Costs of goods sold – Depreciation, depletion and amortization of intangible assets
For the three months ended March 31, 2016 and 2015 , we incurred $2,890 and $1,987 , respectively, of depreciation, depletion and amortization expense. The increase was driven by an increased asset base resulting from completion of terminal expansions, coupled with the depletion of additional acreage acquired.
Gross Profit (Loss)
Gross loss was $576 for the three months ended March 31, 2016 , compared to gross profit of $33,472 for the three months ended March 31, 2015 . Gross profit percentage declined from 32.8% in first quarter of 2015 to (1.1)% in first quarter of 2016 . The decline was primarily driven by pricing discounts, decreased volumes and reduced other revenues, offset by lower production and transportation costs.
Operating Costs and Expenses
For the three months ended March 31, 2016 and 2015 , we incurred general and administrative expenses of $14,361 and $6,596 , respectively. The increase in such costs was primarily attributable to an $8,236 increase in bad debt expense associated with a spot customer filing for bankruptcy. For the three months ended March 31, 2016 , we incurred impairments and other expenses of $33,747 primarily related to the impairment of goodwill.
Interest Expense
Interest expense was $3,581 and $3,317 for the three months ended March 31, 2016 and 2015 , respectively. The increase in interest expense during the 2016 period was primarily attributable to an increased interest rate on borrowings on our revolver.

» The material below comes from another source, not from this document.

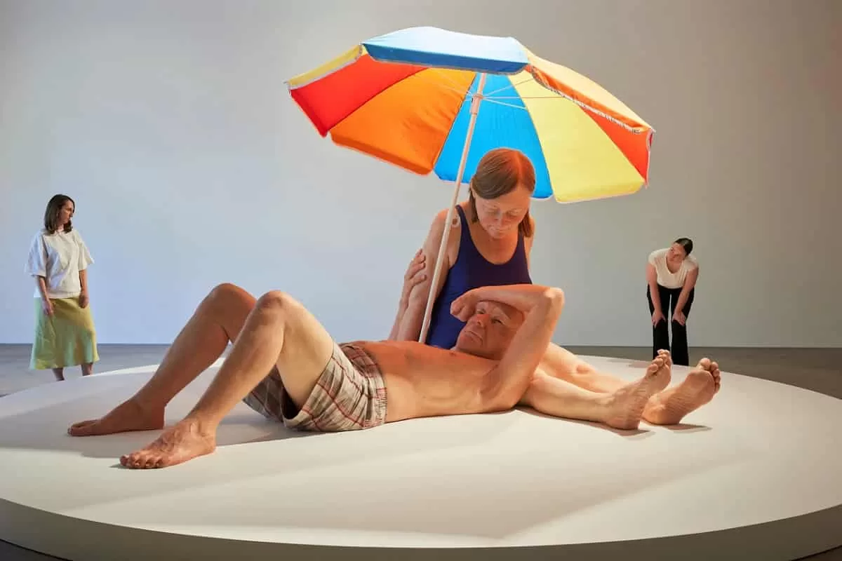 The Ron Mueck Encounter exhibition at the Art Gallery of NSW features hyperrealist sculptures like Couple Under an Umbrella, a sculpture depicting intimacy and tension.

Net Income (Loss) Attributable to Hi-Crush Partners LP
Net loss attributable to Hi-Crush Partners LP was $52,330 for the three months ended March 31, 2016 , compared to net income of $23,307 for the three months ended March 31, 2015 .

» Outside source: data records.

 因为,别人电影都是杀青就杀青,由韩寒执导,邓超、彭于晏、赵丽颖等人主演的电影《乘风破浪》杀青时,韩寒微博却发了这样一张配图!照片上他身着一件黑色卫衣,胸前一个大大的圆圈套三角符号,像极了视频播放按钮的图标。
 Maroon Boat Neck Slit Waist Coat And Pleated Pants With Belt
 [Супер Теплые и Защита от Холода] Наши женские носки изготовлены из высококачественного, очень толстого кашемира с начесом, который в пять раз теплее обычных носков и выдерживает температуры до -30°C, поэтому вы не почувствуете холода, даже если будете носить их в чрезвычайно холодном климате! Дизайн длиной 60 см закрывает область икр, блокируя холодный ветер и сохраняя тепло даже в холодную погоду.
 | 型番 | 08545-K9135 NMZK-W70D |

Liquidity and Capital Resources
Overview
We expect our principal sources of liquidity will be cash generated by our operations, supplemented by borrowings under our revolving credit agreement, as available. We believe that cash from these sources will be sufficient to meet our short-term working capital requirements and long-term capital expenditure requirements. On April 28, 2016, we entered into a third amendment to our revolving credit agreement which provides for a reduction in the commitment level from $100,000 to $75,000. Our sources of liquidity consisted of $6,910 of available cash as of April 22, 2016, and $14,847 pursuant to available borrowings under the third amendment of our revolving credit agreement ($75,000, net of $52,500 indebtedness and $7,653 letter of credit commitments) as of April 28, 2016. Our revolving credit agreement allows distributions to unitholders up to 50% of quarterly distributable cash flow after quarterly debt payments on the term loan, and requires that capital expenditures during 2016 not exceed $28,000. The third amendment to our revolving credit agreement waives the minimum quarterly EBITDA covenants and establishes a maximum EBITDA loss for the six months ending March 31, 2017. The amendment also provides for an equity cure that can be applied to EBITDA covenant ratios for 2017 and all future periods. As of March 31, 2016, we were in compliance with the covenants contained in our revolving credit agreement. We expect to be in compliance with the covenants throughout the remainder of 2016. However, our ability to comply with such covenants in the future could be affected by the levels of cash flows from our operations and events and circumstances beyond our control, including the successful funding of at least $25,000 of equity proceeds. If market or other economic conditions deteriorate, our risk of non-compliance may increase. In addition, we have a $200,000 senior secured term loan facility which permits us to add one or more incremental term loan facilities in an aggregate amount not to exceed $100,000. Our General Partner is also authorized to issue an unlimited number of units without the approval of existing limited partner unitholders.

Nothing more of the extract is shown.